## COLLECTED DATA
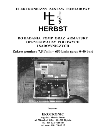 ELEKTRONICZNY ZESTAW POMIAROWY HERBST DO BADANIA POMP ORAZ ARMATURY OPRYSKIWACZY POLOWYCH I SADOWNICZYCH Zakres pomiaru 7,5 l/min – 650 l/min (przy 0-40 bar) Importer: EKOTRONIC mgr inż. Marek Janus ul. Mieszka I 4/14, 42–500 Będzin tel. / fax 032 7618484 tel. kom. 0601 70 42 15 Mikrokomputer z wyświetlaczem LCD, możliwość transferu danych do PC poprzez złącze RS232 (Windows Hyperterminal), zasilanie akumulatorowe Pomiar przepływu cieczy w zakresie 7,5 l/min – 650 l/min przy regulowanym ciśnieniu 0 – 10 bar Pomiar przepływu cieczy w zakresie 7,5 l/min – 300 l/min przy regulowanym ciśnieniu 0 – 40 bar Kontrola wskazań manometrów w zakresie 0 – 60 bar z wykorzystaniem ciśnieniomierza elektronicznego o zakresie pracy do 120 bar Kontrola wydatku pomp oraz dokładności wskazań przepływomierzy i manometrów wg przepisów BBA Dokładność pomiaru: 0 –6 bar < 0,1 bar; 6 – 16 bar < 0,25 bar; 16 – 60 bar < 1,0 bar System adapterów umożliwiający badanie manometrów bez konieczności ich demontażu (opcja) Bezkontaktowy pomiar prędkości obrotowej WOM ciągnika w zakresie 0 – 1000 obr./min. Automatyczny pomiar przepływu cieczy przy zaprogramowanym poziomie ciśnienia roboczego Wbudowany filtr ciśnieniowy oraz zawór bezpieczeństwa Posiada atest BBA oraz PTB Tylko jeden przepływomierz dla całego zakresu pomiaru Niezależne zasilanie akumulatorowe zapewniające min. 12 godz. pracy Wielofunkcyjny czterowierszowy wyświetlacz LCD zapewniający równoczesne wyświetlanie wszystkich danych pomiarowych Poręczny, wyjmowany mikrokomputer z wyświetlaczem Automatyczne przyporządkowanie wszystkich danych pomiarowych kolejnemu numerowi klienta z datą i godziną wykonania pomiaru Pamięć RAM o pojemności 100 rekordów, każdy z 10 danymi pomiarowymi Transfer danych w formie tabeli do PC poprzez złącze szeregowe RS 232 Data Godzina 12.06.1999 9:02 12.06.1999 9:02 12.06.1999 9:03 12.06.1999 9:06 12.06.1999 9:16 12.06.1999 9:17 12.06.1999 9:18 12.06.1999 9:25 12.06.1999 9:58 12.06.1999 9:59 Klient Nr 1, 2, 1, 3, 1, 4, 1, 5, 2, 1, 2, 2, 3, 1, 4, 1, 5, 1, 5, 2, Bar 6.6 9.9 15.0 21.2 30.3 34.9 39.0 39.2 11.0 21.2 l/min 233.6 227.9 227.6 204.6 225.7 224.3 121.0 196.1 304.6 299.1 U/min 541 541 541 541 539 539 531 550 600 600 Wbudowany filtr ciśnieniowy oraz zawór bezpieczeństwa Możliwa kalibracja elektronicznego czujnika, zbędna wymiana drogiego i wrażliwego manometru pomiarowego Jedyne urządzenie o takich właściwościach na polskim rynku! Elektroniczny zestaw pomiarowy HERBST ROT służy do kompleksowego badania armatury opryskiwaczy polowych oraz sadowniczych, stanowi profesjonalny zestaw narzędzi pomiarowych w Stacjach Kontroli Opryskiwaczy. Zakres pomiarowy urządzenia, jego dokładność pomiarowa, możliwość współpracy z PC oraz prostota obsługi sprawia że jest to jedyny na rynku produkt o takich parametrach, zapewniający możliwość badania wszystkich typów opryskiwaczy. Pomiar przepływu cieczy zostaje przeprowadzony automatycznie po wcześniejszym zaprogramowaniu tzw. ciśnienia referencyjnego, a uzyskane dane pomiarowe zostają wprowadzone do pamięci podręcznej mikrokomputera. Zamontowane 2 zawory dławiące umożliwiają pomiar wydatku pompy przy regulowanym, rzeczywistym jej obciążeniu. Układ cieczowy zestawu pomiarowego zabezpieczony jest zaworami bezpieczeństwa. W pełni przenośny (przewoźny) zestaw zbudowany jest z komponentów odpornego na uderzenia tworzywa oraz stali nierdzewnej. Przeźroczysty, poliwęglanowy odcinek armatury pomiarowej umożliwia bezpośrednią obserwację przepływającej cieczy w celu stwierdzenia szczelności układu cieczowego opryskiwacza (pęcherzyki powietrza). Pomiar zjawiska pulsacji pompy w pełnym zakresie pomiarowym. Bagnetowy czujnik ciśnienia umożliwia kontrolę wskazań manometrów w zakresie 0 – 60 bar bez konieczności ich demontażu. Sprawne i bezproblemowe podłączanie urządzenia do wszystkich typów opryskiwaczy polowych i sadowniczych zapewnia system uniwersalnych szybkozłączy ciśnieniowych. Urządzenie pracuje w układzie zamkniętego obiegu cieczy, nie wymaga dodatkowych zbiorników i basenów. Pomiar prędkości obrotowej WOM ciągnika odbywa się bezkontaktowo poprzez sensorowy czujnik zbliżeniowy. Kalibracja zastosowanych czujników sensorowych odbywa się na poziomie oprogramowania mikrokomputera i nie wymaga ich wymiany. Elektroniczny zestaw pomiarowy HERBST ROT – idealnym zestawem przyrządów pomiarowych w każdej Stacji Kontroli Opryskiwaczy HERBST Przedstawiciel w Polsce: EKOTRONIC mgr inż. Marek Janus Tel. 032/761 8484, 0601 704215
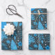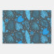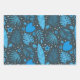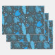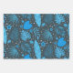 Es handelt sich um wunderschöne exotische tropische Blätter in Blau und Türkis, darunter Blätter aus Palmen, Monstera-Blätter und kleine Blume auf dunklem Hintergrund. Es ist ein cooles Verpackungspapier für tropische Party.
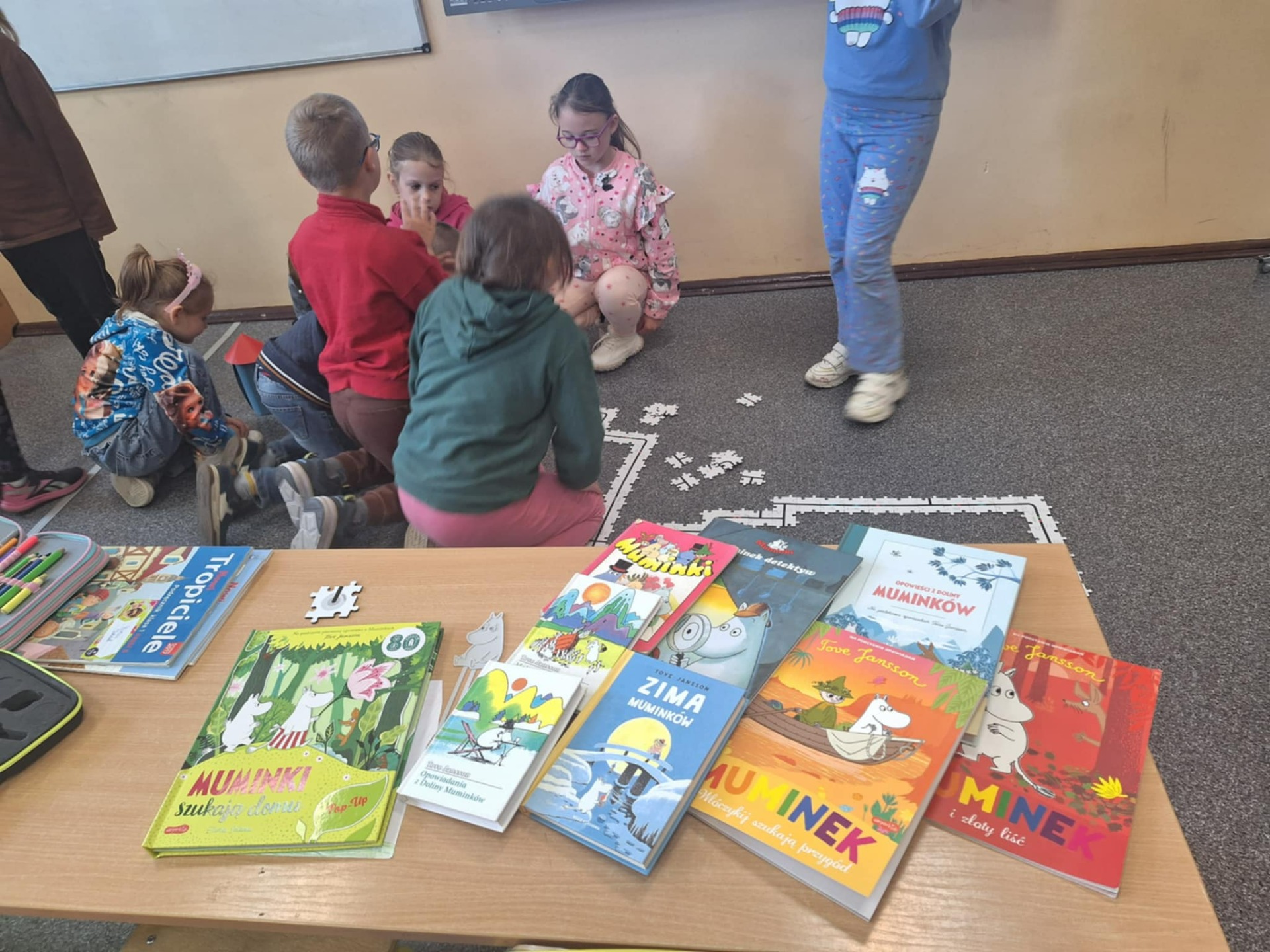 Uczniowie zapoznali się z postaciami z Doliny Muminków i literaturą Tove Jansson. Dzieci podziwiały piękną trójwymiarową książkę, a następnie wysłuchały opowiadania oraz za pomocą puzzli z kodami ułożyły drogę robota- Ozobota do domu Muminków.
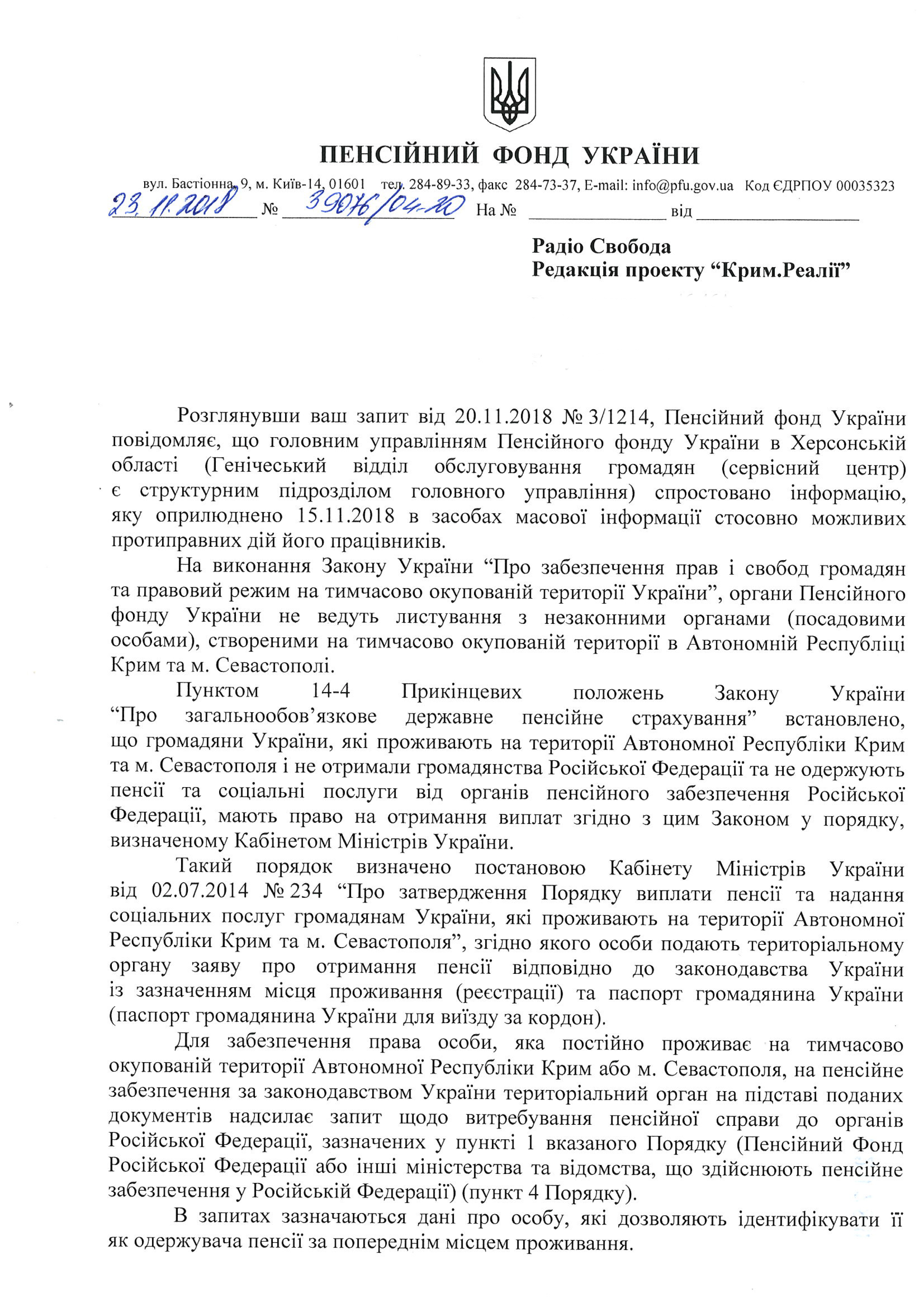 В Пенсионном фонде Украины отметили, что ведомство не ведет переписку с пенсионными органами аннексированного Крыма, а с Россией переписка ведется в соответствии с законодательством Украины и международным соглашением.

## WORK TASK
Would you copy each line above exactly as given, dropping any images?

## EXPECTED ANSWER
 ELEKTRONICZNY ZESTAW POMIAROWY HERBST DO BADANIA POMP ORAZ ARMATURY OPRYSKIWACZY POLOWYCH I SADOWNICZYCH Zakres pomiaru 7,5 l/min – 650 l/min (przy 0-40 bar) Importer: EKOTRONIC mgr inż. Marek Janus ul. Mieszka I 4/14, 42–500 Będzin tel. / fax 032 7618484 tel. kom. 0601 70 42 15 Mikrokomputer z wyświetlaczem LCD, możliwość transferu danych do PC poprzez złącze RS232 (Windows Hyperterminal), zasilanie akumulatorowe Pomiar przepływu cieczy w zakresie 7,5 l/min – 650 l/min przy regulowanym ciśnieniu 0 – 10 bar Pomiar przepływu cieczy w zakresie 7,5 l/min – 300 l/min przy regulowanym ciśnieniu 0 – 40 bar Kontrola wskazań manometrów w zakresie 0 – 60 bar z wykorzystaniem ciśnieniomierza elektronicznego o zakresie pracy do 120 bar Kontrola wydatku pomp oraz dokładności wskazań przepływomierzy i manometrów wg przepisów BBA Dokładność pomiaru: 0 –6 bar < 0,1 bar; 6 – 16 bar < 0,25 bar; 16 – 60 bar < 1,0 bar System adapterów umożliwiający badanie manometrów bez konieczności ich demontażu (opcja) Bezkontaktowy pomiar prędkości obrotowej WOM ciągnika w zakresie 0 – 1000 obr./min. Automatyczny pomiar przepływu cieczy przy zaprogramowanym poziomie ciśnienia roboczego Wbudowany filtr ciśnieniowy oraz zawór bezpieczeństwa Posiada atest BBA oraz PTB Tylko jeden przepływomierz dla całego zakresu pomiaru Niezależne zasilanie akumulatorowe zapewniające min. 12 godz. pracy Wielofunkcyjny czterowierszowy wyświetlacz LCD zapewniający równoczesne wyświetlanie wszystkich danych pomiarowych Poręczny, wyjmowany mikrokomputer z wyświetlaczem Automatyczne przyporządkowanie wszystkich danych pomiarowych kolejnemu numerowi klienta z datą i godziną wykonania pomiaru Pamięć RAM o pojemności 100 rekordów, każdy z 10 danymi pomiarowymi Transfer danych w formie tabeli do PC poprzez złącze szeregowe RS 232 Data Godzina 12.06.1999 9:02 12.06.1999 9:02 12.06.1999 9:03 12.06.1999 9:06 12.06.1999 9:16 12.06.1999 9:17 12.06.1999 9:18 12.06.1999 9:25 12.06.1999 9:58 12.06.1999 9:59 Klient Nr 1, 2, 1, 3, 1, 4, 1, 5, 2, 1, 2, 2, 3, 1, 4, 1, 5, 1, 5, 2, Bar 6.6 9.9 15.0 21.2 30.3 34.9 39.0 39.2 11.0 21.2 l/min 233.6 227.9 227.6 204.6 225.7 224.3 121.0 196.1 304.6 299.1 U/min 541 541 541 541 539 539 531 550 600 600 Wbudowany filtr ciśnieniowy oraz zawór bezpieczeństwa Możliwa kalibracja elektronicznego czujnika, zbędna wymiana drogiego i wrażliwego manometru pomiarowego Jedyne urządzenie o takich właściwościach na polskim rynku! Elektroniczny zestaw pomiarowy HERBST ROT służy do kompleksowego badania armatury opryskiwaczy polowych oraz sadowniczych, stanowi profesjonalny zestaw narzędzi pomiarowych w Stacjach Kontroli Opryskiwaczy. Zakres pomiarowy urządzenia, jego dokładność pomiarowa, możliwość współpracy z PC oraz prostota obsługi sprawia że jest to jedyny na rynku produkt o takich parametrach, zapewniający możliwość badania wszystkich typów opryskiwaczy. Pomiar przepływu cieczy zostaje przeprowadzony automatycznie po wcześniejszym zaprogramowaniu tzw. ciśnienia referencyjnego, a uzyskane dane pomiarowe zostają wprowadzone do pamięci podręcznej mikrokomputera. Zamontowane 2 zawory dławiące umożliwiają pomiar wydatku pompy przy regulowanym, rzeczywistym jej obciążeniu. Układ cieczowy zestawu pomiarowego zabezpieczony jest zaworami bezpieczeństwa. W pełni przenośny (przewoźny) zestaw zbudowany jest z komponentów odpornego na uderzenia tworzywa oraz stali nierdzewnej. Przeźroczysty, poliwęglanowy odcinek armatury pomiarowej umożliwia bezpośrednią obserwację przepływającej cieczy w celu stwierdzenia szczelności układu cieczowego opryskiwacza (pęcherzyki powietrza). Pomiar zjawiska pulsacji pompy w pełnym zakresie pomiarowym. Bagnetowy czujnik ciśnienia umożliwia kontrolę wskazań manometrów w zakresie 0 – 60 bar bez konieczności ich demontażu. Sprawne i bezproblemowe podłączanie urządzenia do wszystkich typów opryskiwaczy polowych i sadowniczych zapewnia system uniwersalnych szybkozłączy ciśnieniowych. Urządzenie pracuje w układzie zamkniętego obiegu cieczy, nie wymaga dodatkowych zbiorników i basenów. Pomiar prędkości obrotowej WOM ciągnika odbywa się bezkontaktowo poprzez sensorowy czujnik zbliżeniowy. Kalibracja zastosowanych czujników sensorowych odbywa się na poziomie oprogramowania mikrokomputera i nie wymaga ich wymiany. Elektroniczny zestaw pomiarowy HERBST ROT – idealnym zestawem przyrządów pomiarowych w każdej Stacji Kontroli Opryskiwaczy HERBST Przedstawiciel w Polsce: EKOTRONIC mgr inż. Marek Janus Tel. 032/761 8484, 0601 704215
 Es handelt sich um wunderschöne exotische tropische Blätter in Blau und Türkis, darunter Blätter aus Palmen, Monstera-Blätter und kleine Blume auf dunklem Hintergrund. Es ist ein cooles Verpackungspapier für tropische Party.
 Uczniowie zapoznali się z postaciami z Doliny Muminków i literaturą Tove Jansson. Dzieci podziwiały piękną trójwymiarową książkę, a następnie wysłuchały opowiadania oraz za pomocą puzzli z kodami ułożyły drogę robota- Ozobota do domu Muminków.
 В Пенсионном фонде Украины отметили, что ведомство не ведет переписку с пенсионными органами аннексированного Крыма, а с Россией переписка ведется в соответствии с законодательством Украины и международным соглашением.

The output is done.